Выбрать главу

— Джхутимес, тебе не кажется, что ты ведёшь слишком опасные речи? Ты угрожаешь фараону в присутствии правителя Дома Войны, безумствуешь, кипишь злобой, как ядовитая змея, а разве я сказал тебе, что это фараон отдал приказ убить Кийю?

— Ты сказал, Хоремхеб — первый человек в государстве!

— Кто же называет фараона человеком? Он бог, живой бог страны Кемет. Он сделал то, что сделал, простив и разрешив Кийе удалиться в дальние степаты. Я другого имел в виду, Джхутимес...

— Эйе?

Я не стал подтверждать высказанную им догадку словами, произнесённое принадлежало ему, только ему. Я даже головой не кивнул. Боги предоставили мне неожиданный случай отомстить Эйе, и я не собирался упускать его. И я поспешил добавить с лицемерным беспокойством:

— Но ты должен обещать мне, Джхутимес, что никому не скажешь о том, кто открыл тебе глаза. Кийа и сама рассказала тебе о том, что некие тайные дела связывали её с Эйе, правильно я тебя понял? Я лишь подтвердил это и сказал тебе, что в её гибели виновен не фараон. Помни, Джхутимес, что речь идёт о первом лице государства, о великом чати, о верховном жреце Амона-Ра. И если ты мог бы мстить человеку, то ты не вправе мстить отцу бога и советнику фараона. Да и кто говорит об ударе кинжалом? Посвяти в свою тайну его величество, ведь вы до сих пор остались друзьями...

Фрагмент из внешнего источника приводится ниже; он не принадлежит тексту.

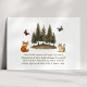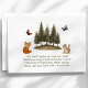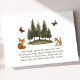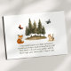 O cartão de indicação "Livros de Animais da Floresta para Bebê" integra elementos da natureza de forma encantadora na celebração do chá de bebê. Ele apresenta uma cena encantadora em aquarela com um esquilo, raposa e borboletas voando, aninhados entre um bosque de árvores sempre verdes. Este cartão convida cuidadosamente os convidados a trazer um livro em vez de um cartão, sugerindo títulos queridos ou novos para ajudar a construir a primeira biblioteca do bebê, tornando-o um complemento significativo para a celebração.
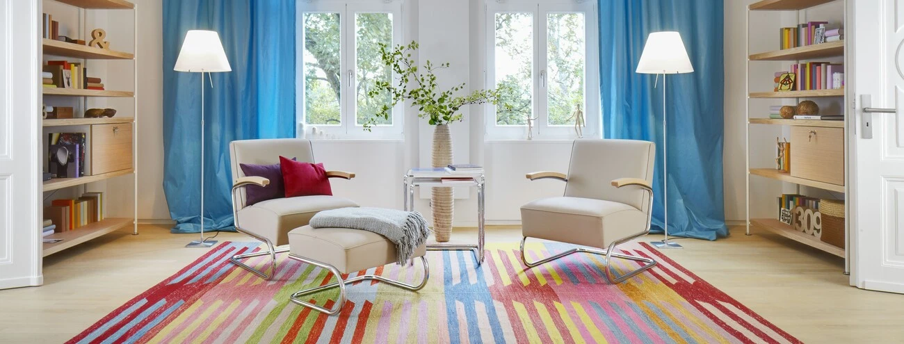 Ein echtes Highlight ist der S 35 Freischwinger-Sessel, entworfen von Marcel Breuer. Als Weiterentwicklung des klassischen Freischwingers bietet er nicht nur einen flexibel federnden Sitz, sondern auch eine großzügige, entspannte Sitzhaltung. Der integrierte Fußhocker ergänzt das Design funktional und macht ihn zu einem modernen Klassiker mit außergewöhnlichem Komfort – perfekt für Leseecke, Lounge oder Wohnzimmer.
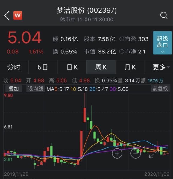 截至11月9日午间收盘,梦洁股份股价报5.04元/股,最新市值38.2亿元。
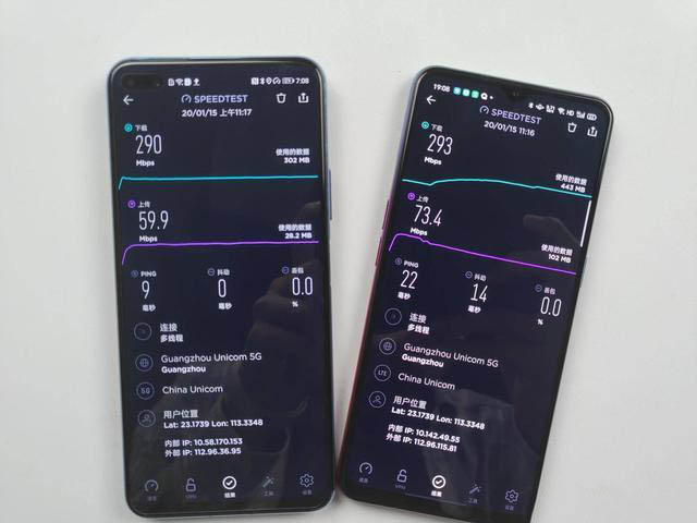 在實際場景測試當中,拋出運營商的套餐流量限制,并且選擇在同一地點,同一運營商使用熱門測速軟件SpeedTest進行5G網絡上傳、下載測試。從測試結果上來看,榮耀V30 Pro的上傳速率為59.9Mbps,下載速率為290Mbps;OPPO Reno3的上傳速率為73.4Mbps,下載速率為293Mbps。總的來說,下載速率方面較為接近,但在5G上傳網速方面OPPO Reno3有較為領先的優勢。
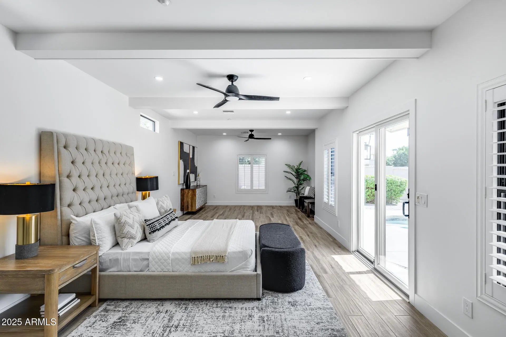 Luxury Living! This beautifully renovated 4-bed home blends style & functionality in Scottsdale's McCormick Ranch! The kitchen boasts white quartz countertops & backsplash, SS appliances & dark cabinetry, all set on premium porcelain tile throughout. A newly added primary suite is expansive & has backyard access, walk-in closet with built-ins & ensuite with double vanity, soaking tub & floor-to-ceiling tiled walls & shower. A second bedroom offers its own ensuite, plus other bedrooms & bathrooms have been freshly updated. Vaulted ceilings & abundant natural light create a bright, airy feel & a large sliding door opens to the backyard pool & patio. With walking & biking paths, playgrounds, tennis courts & golf—everything you need to enjoy the Arizona lifestyle in one home & community!
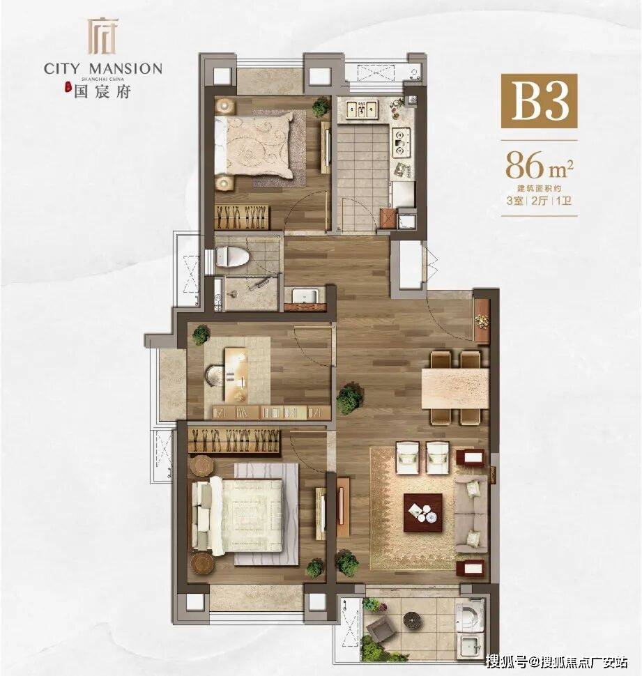 B1于B2户型差别不大,入户位置不同。三开间朝南设计,南北通透,采光通风效果好;户型方正,餐客厅相连,上菜吃饭动线合理,U厨房更符合国人使用习惯。三个卧室,更适合二胎家庭的空间需求。

Джхутимес тяжело дышал, опустив голову на грудь, дышал, как загнанный зверь. Да это так и было — любовь, страстная любовь к женщине, которая когда-то взлетела так высоко и потом поплатилась за свою дерзость, загнала его в ловушку, из которой он уже не мог выбраться, отдавая последние силы на эту бесплодную, безысходную борьбу. И хотя сам я в какой-то мере сделался жертвой своей страсти, мне было далеко до безумия Джхутимеса, и мысль о нагой Бенамут, лежащей в объятиях молодого фараона, не вызывала у меня безысходных вожделений. Разве мало было женщин в Мен-Нофере? Разве мало было их во всей Кемет, да и за её пределами тоже? С моей силой, моей внешностью и моим золотом я мог рассчитывать на большее, чем любовь царской наложницы, хотя бы она и принадлежала в настоящем Тутанхамону или в прошлом — великому Эхнатону.

— Говорю тебе ещё раз: ты возненавидел Эйе, и мне не за что любить его, но действовать в открытую ни тебе, ни мне нельзя. Попробуй действовать через фараона, расскажи ему о том, что тебе поведала Кийа, ибо теперь, когда её нет в живых, ничто не накладывает печати молчания на твои уста. Так ты сумеешь лучше отомстить ему...

Я не стал упоминать о немху, ибо Джхутимес был царской крови, и его не могли привлекать или огорчать заботы низкорождённых. Мне было достаточно того, что стрела направлена, что её наконечник смотрит в грудь Эйе, и ещё большую радость доставляло то, что я ощущал свою власть над этой стрелой. Захочу и ослаблю тетиву, захочу — сломаю стрелу и отброшу прочь, а если Эйе будет всерьёз угрожать мне, натяну тетиву до предела. И я похлопал по плечу царевича, который отныне стал игральной костью в моих руках.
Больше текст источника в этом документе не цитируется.